もうエステルレンの毛は膨らんでいないし、耳はわたしに集中し、尻尾は垂れ下がっている。落ち着いている証拠だ。
「くふふっ。セシル様の御心が伝わったようですね」
シルヴァがうっとりと言うと、レイヴが頷いた。
「セシルに堕ちたようだな」
その表現、違う気がする。
「そろそろ、人が集まって来るだろう。ここを出たほうがいい」
そうだね!とうさま。
『エステルレン、このくらいに小さくなれますか?こっそり脱出したいので、目立ちたくないんです』
そう言って、手で大きさを示す。
「………我は人語が話せる。もう、おぬしは契約主なのじゃ。敬語を使う必要はないぞ」
う~む。この話し方、不自然なんだよね。無理している感じ。
でも、いまはそんなことを気にしている場合じゃない。王宮から、無事に逃げることが先なのだ。
しゅるるんっ
そのとき、エステルレンの体が縮んだ。みるみる小さくなっていき、子犬くらいの大きさになった。
「よろしくね、エステルレン」
そう言って、エステルレンを抱き上げた。重さはたいして感じない。ふわふわの毛並みが気持ちよかった。思わず頬ずりをする。
とうさまが認識阻害の魔法をかけ直してくれてから、儀式の間を見回した。術者や兵士は倒れたままで、まだ気が付く様子はない。
ほぅっと息を吐き出したとき、扉が開いて騎士が駆けこんできた。倒れている術者を見つけると、急いで駆け寄り、抱き起こしたりしている。兵士は放置だ。その扱いの酷さにむっとする。
だけど、生贄として用意された彼らが無事に済んでよかった。
そうして、開け放たれた扉から順番に外へ出た。
ダンスホールから、儀式の間までの道順は覚えている。すたすたと歩き出した。
王宮に入るには招待状が必要だけど、出るときはなにも必要ないの。不用心だけど、おかげで助かる。
わたし達はバラバラに王宮から出て、宿屋で集合することになっていた。
わたしはダンスホールに着いてすぐ、認識阻害の魔法を解除した。
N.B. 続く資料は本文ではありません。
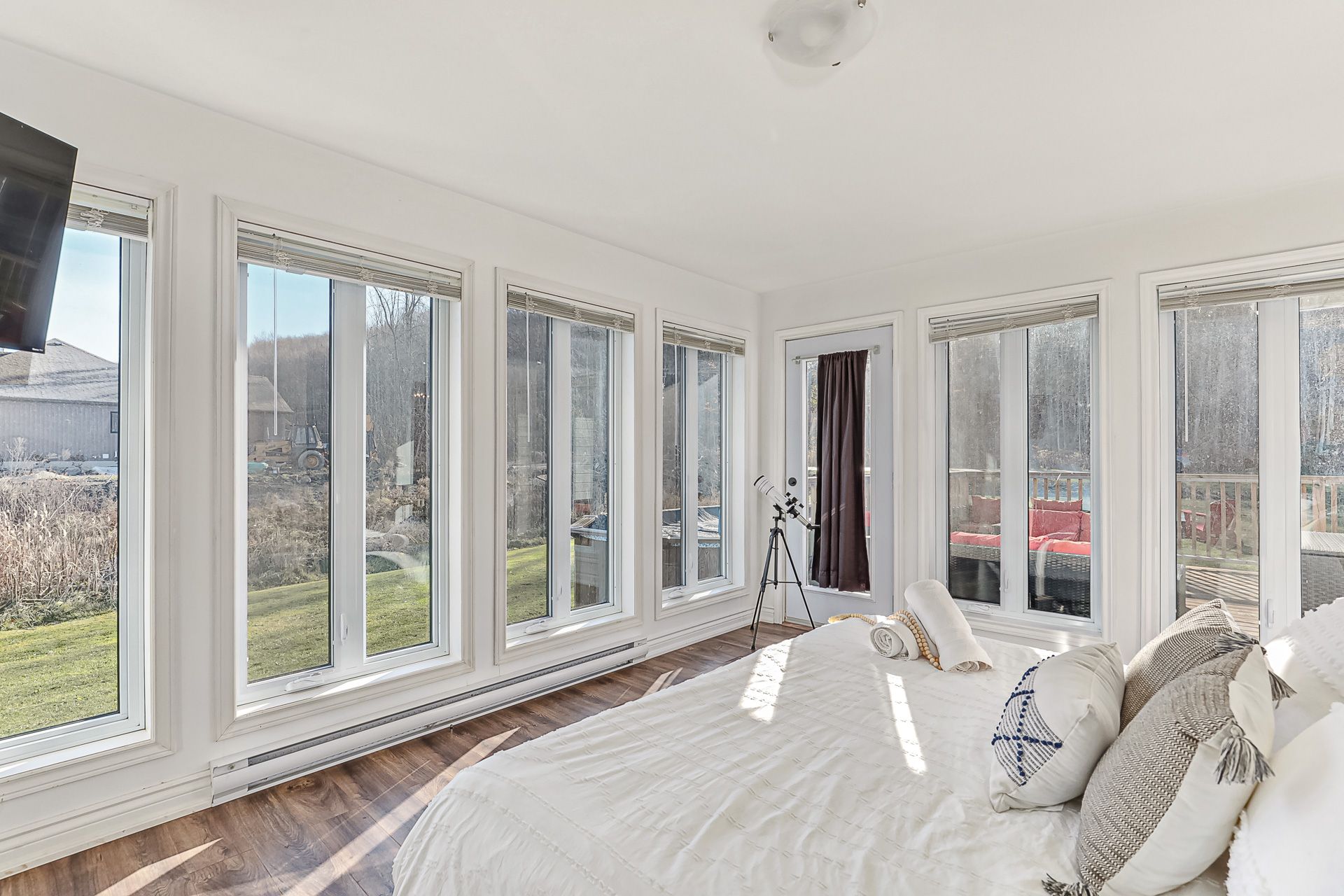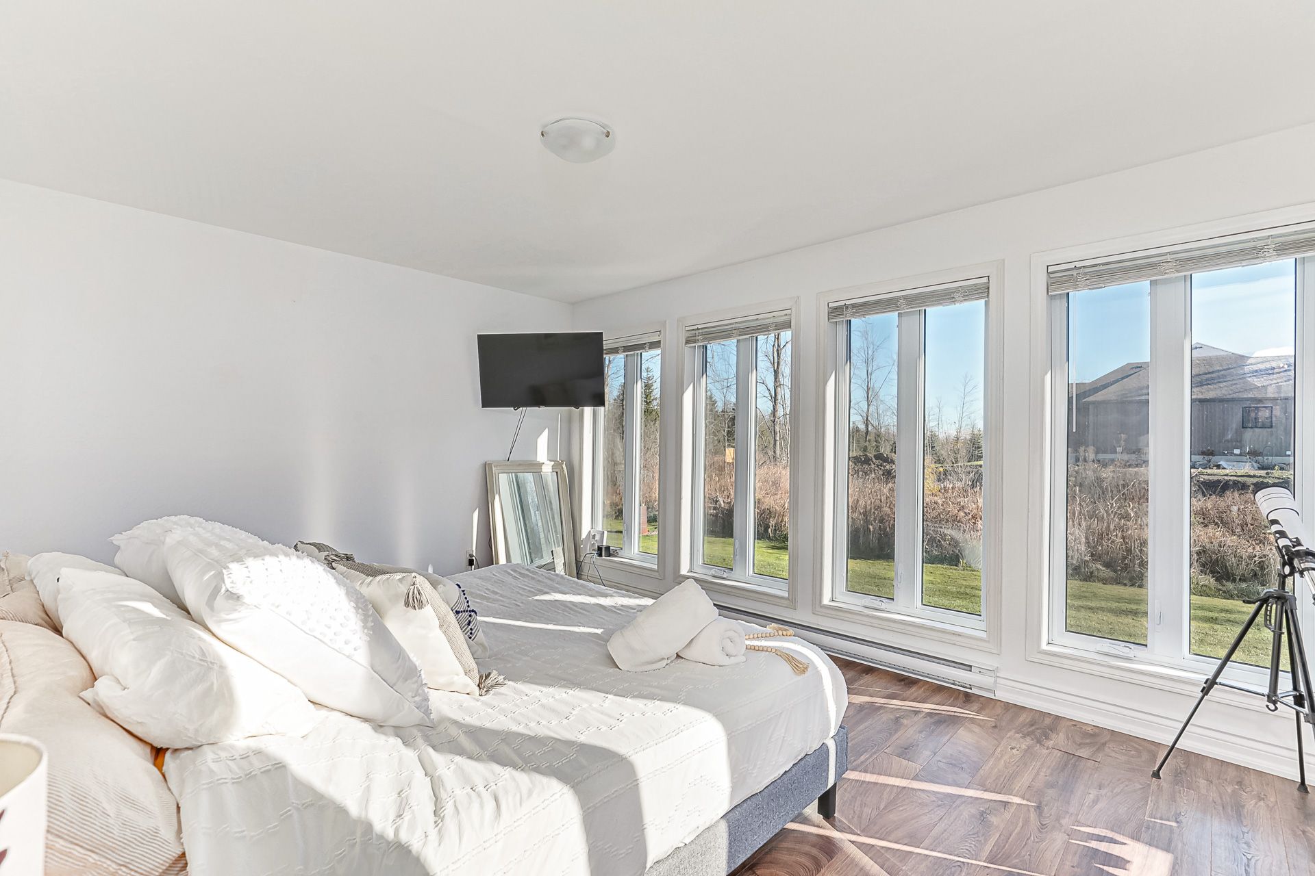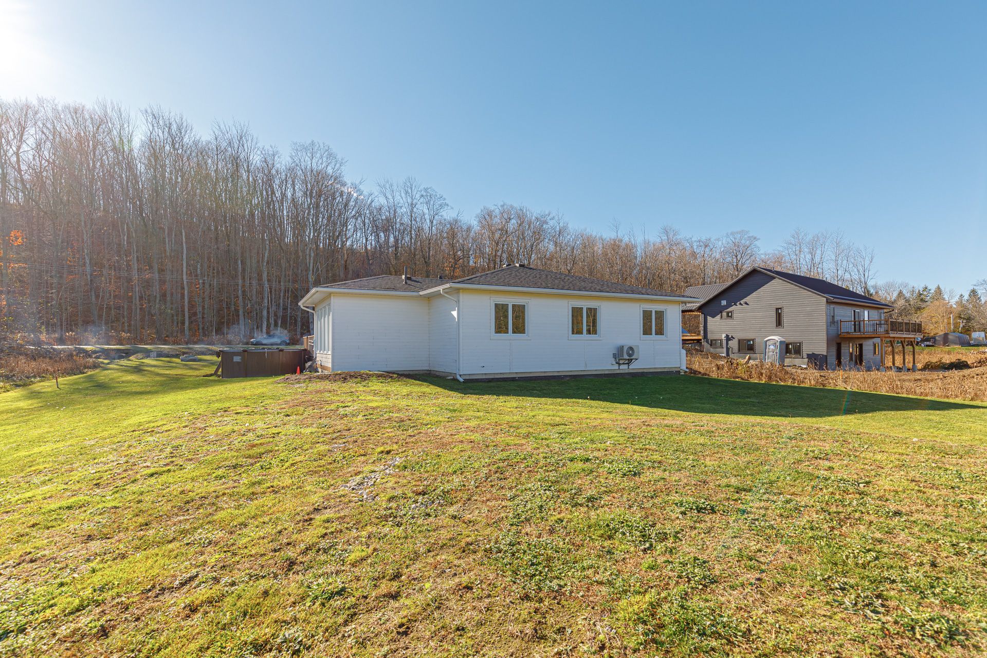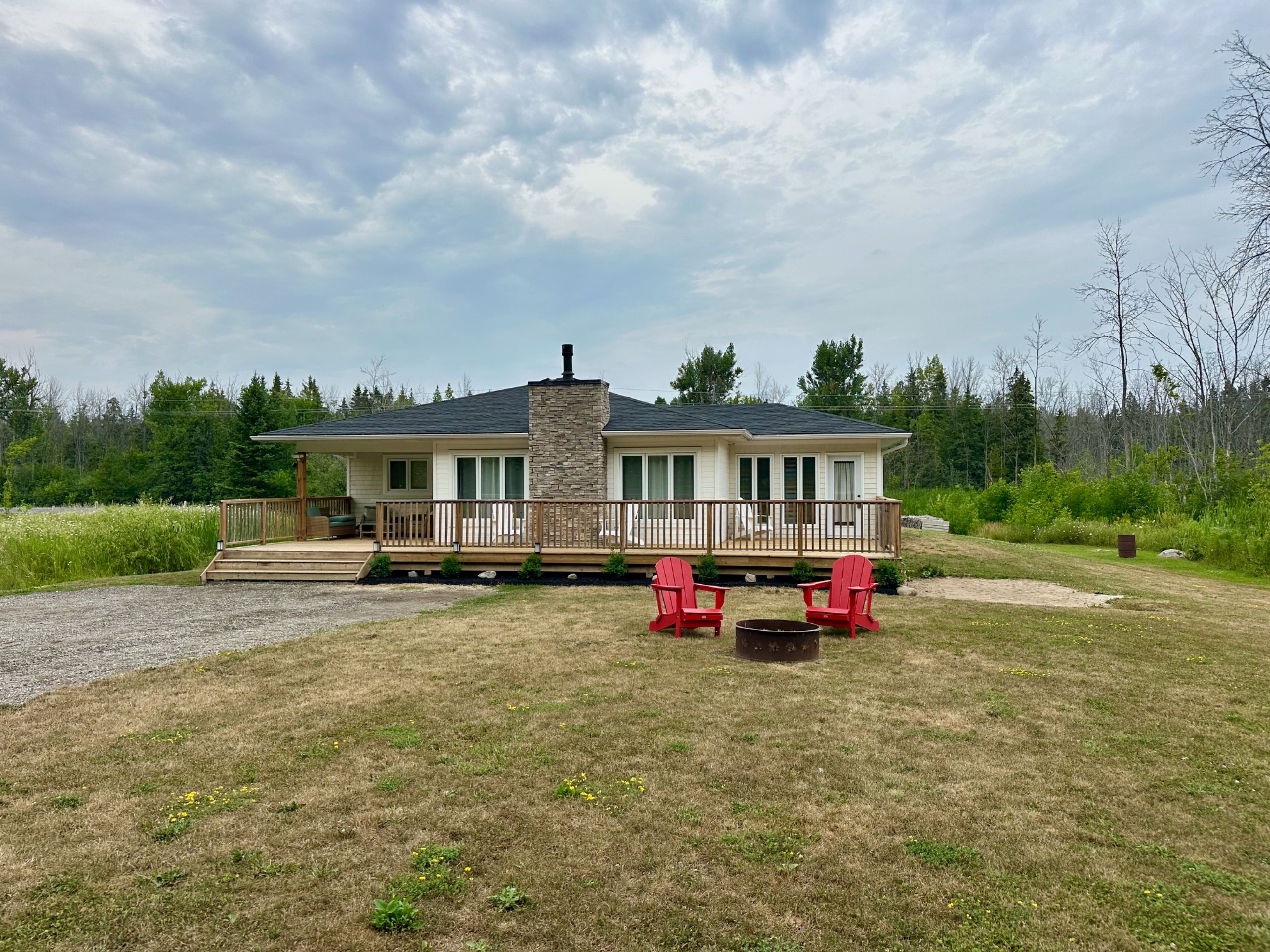 Beautifully crafted bungalow, located just a short drive from lora bay, thornbury, and meaford, offering the perfect blend of modern efficiency and comfortable main-floor living. Ideal for those who appreciate convenience and style, this home features an open-concept design with spacious living areas and plenty of room to personalize. The layout includes 3+1 generously sized bedrooms, some of the bedrooms can be easily be transformed into a home office, den or library. The primary bedroom is filled with natural light, offering direct access to the front deck, where you can relax and enjoy peaceful views of the hardwood forest across the street. This bedroom can also be converted into another livingroom. The kitchen stands out with a stylish backsplash, hardware, cabinetry and stainless steel appliances. The bathroom features high-end fixtures, including a tile shower/tub combination, offering both functionality and style. The open-concept living and dining area is perfect for entertaining, with a cozy propane fireplace that adds warmth and ambiance on cool evenings. A covered front porch with southern exposure provides a charming spot to enjoy the outdoors, no matter the season. Situated on nearly half an acre, this property is waiting for your personal landscaping design, the property provides ample space for outdoor living and there's plenty of parking with room to build a garage if desired. For those who enjoy outdoor recreation, this property is ideally located close to beach access, as well as world-class golf courses and skiing. Whether you're relaxing at home or exploring the surrounding area, this home is the perfect place to enjoy the best of both comfort and adventure. Book your showing today!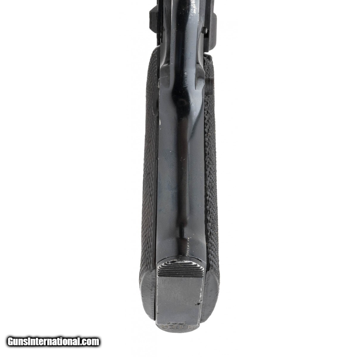 Description: "SN: 028735. 1960's vintage 9mm Largo with a 5"" barrel. Bore is very good. Full size service pistol in very good condition. Comes with box, tool and papers. (CONSIGNMENT) SOLD |

そして飲食スペースで10分ほど過ごしてから、花火大会が行われていた中庭を通り、他の一般客に紛れて王宮を出た。
王宮を出たあとは、つけられている可能性を考えてわざと遠回りして宿屋へ帰った。
部屋に戻るともう3人ともいて、わたしの顔を見ると嬉しそうにした。
「無事でよかった。遅いから心配したんだぞ。ぐえっ」
レイヴがわたしに抱きつこうとして、とうさまに首根っこを捕まえられた。
「心配かけてごめんね。わざと遠回りしてたの」
「なるほど。後をつけられている可能性を考えたわけですね。さすがセシル様」
すぐに察してくれるとことが、シルヴァのすごいところだ。